Apache Spark™ 3.5 and Databricks Runtime 14.0 have brought an exciting feature to the table: Python user-defined table functions (UDTFs). In this blog post, we’ll dive into what UDTFs are, why they are powerful, and how you can use them.
What are Python user-defined table functions (UDTFs)
A Python user-defined table function (UDTF) is a new kind of function that returns a table as output instead of a single scalar result value. Once registered, they can appear in the FROM
clause of a SQL query.
Each Python UDTF accepts zero or more arguments, where each argument can be a constant scalar value such as an integer or string. The body of the function can inspect the values of these arguments in order to make decisions about what data to return.
Why should you use Python UDTFs
In short, if you want a function that generates multiple rows and columns, and want to leverage the rich Python ecosystem, Python UDTFs are for you.
Python UDTFs vs Python UDFs
While Python UDFs in Spark are designed to each accept zero or more scalar values as input, and return a single value as output, UDTFs offer more flexibility. They can return multiple rows and columns, extending the capabilities of UDFs.
Python UDTFs vs SQL UDTFs
SQL UDTFs are efficient and versatile, but Python offers a richer set of libraries and tools. For transformations or computations needing advanced techniques (like statistical functions or machine learning inferences), Python stands out.
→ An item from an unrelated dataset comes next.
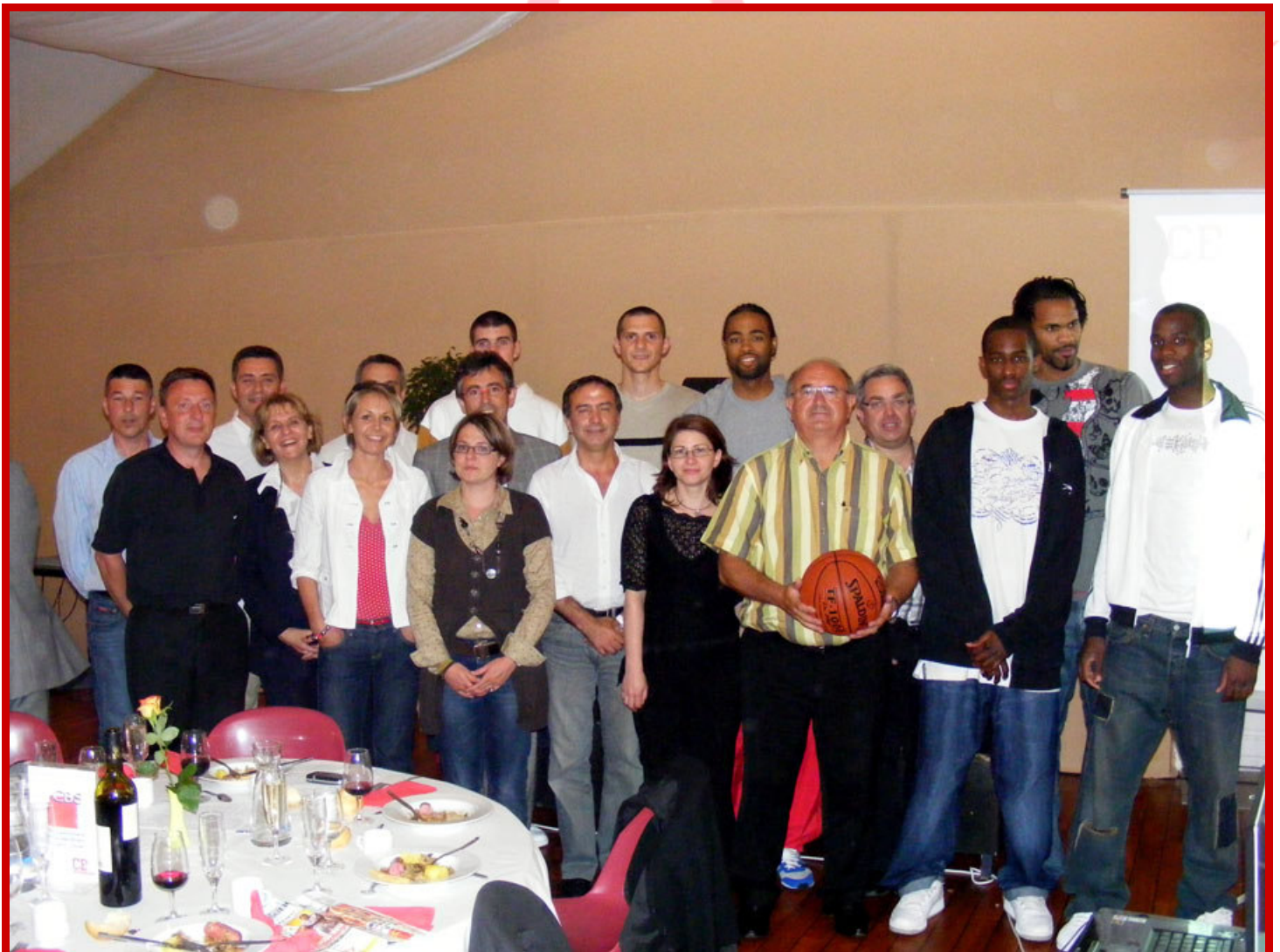
La photo de tous les gagnants du concours de pronostics.

How to create a Python UDTF
Let’s look at a basic Python UDTF:
from pyspark.sql.functions import udtf
@udtf(returnType="num: int, squared: int")
class SquareNumbers:
def eval(self, start: int, end: int):
for num in range(start, end + 1):
yield (num, num * num)
In the above code, we’ve created a simple UDTF that takes two integers as inputs and produces two columns as output: the original number and its square.
The first step to implement a UDTF is to define a class, in this case
class SquareNumbers:
Next, you need to implement the eval
method of the UDTF. This is the method that does the computations and returns rows, where you define the input arguments of the function.
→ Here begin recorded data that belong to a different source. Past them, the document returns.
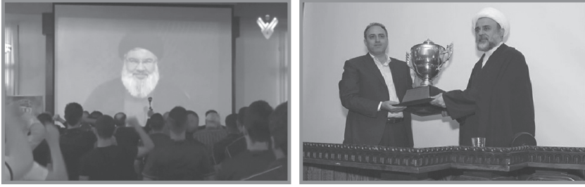
نادي العهد يسلم كأس البطولة الى ممثل أمين عام حزب الله حسن نصرالله الشيخ نبيل قاووق، في حضور نصر الله من خلال الشاشة

وفي كل الأحوال، يرتبط النادي بعلاقاتٍ وثيقة بالحزب، رغم عدم تبني الأخير له رسميًا، إلا أنَّ العضدَ المعنوي موجودٌ دائمًا، وسابقًا كان الدعم المادي متاحًا، وهو يأتي راهنًا من مصادر مختلفة. ويظهر التقاربُ في استخدام اللون الأصفر على غرار راية الحزب، وفي تقديم الكأس لأمينه العام السيد حسن نصر الله في كلِّ مرة، (٤٢) أو لضريح عماد مغنية. (١)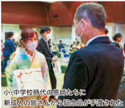
小・中学校時代の恩師たちに 新成人の皆さんから記念品が手渡された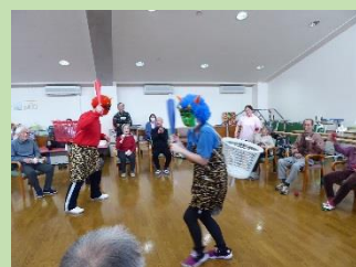
2月3日 デイケア節分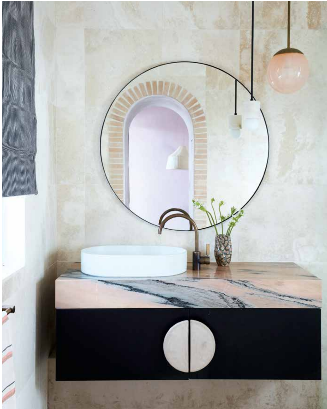
La materialidad es una de las características clave de esta residencia que desprende una sensación armoniosa, gracias a la paleta de colores suaves y a las formas curvas de varios elementos en los distintos espacios de vida.

def eval(self, start: int, end: int):
for num in range(start, end + 1):
yield (num, num * num)
Note the use of the yield
statement; A Python UDTF requires the return type to be either a tuple or a Row
object so that the results can be processed properly.
Finally, to mark the class as a UDTF, you can use the @udtf
decorator and define the return type of the UDTF. Note the return type must be a StructType with block-formatting or DDL string representing a StructType with block-formatting in Spark.
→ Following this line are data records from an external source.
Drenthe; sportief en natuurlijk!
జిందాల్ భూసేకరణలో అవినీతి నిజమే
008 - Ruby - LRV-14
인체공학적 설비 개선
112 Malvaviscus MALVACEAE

@udtf(returnType="num: int, squared: int")
How to use a Python UDTF
In Python
You can invoke a UDTF directly using the class name.
from pyspark.sql.functions import lit
SquareNumbers(lit(1), lit(3)).show()
+---+-------+
|num|squared|
+---+-------+
| 1| 1|
| 2| 4|
| 3| 9|
+---+-------+
In SQL
First, register the Python UDTF:
spark.udtf.register("square_numbers", SquareNumbers)
Then you can use it in SQL as a table-valued function in the FROM clause of a query:
spark.sql("SELECT * FROM square_numbers(1, 3)").show()
+---+-------+
|num|squared|
+---+-------+
| 1| 1|
| 2| 4|
| 3| 9|
+---+-------+
Arrow-optimized Python UDTFs
Apache Arrow is an in-memory columnar data format that allows for efficient data transfers between Java and Python processes. It can significantly boost performance when the UDTF outputs many rows. Arrow-optimization can be enabled using useArrow=True
.
from pyspark.sql.functions import lit, udtf
@udtf(returnType="num: int, squared: int", useArrow=True)
class SquareNumbers:
...
Real-World Use Case with LangChain
The example above might feel basic. Let’s dive deeper with a fun example, integrating Python UDTFs with LangChain.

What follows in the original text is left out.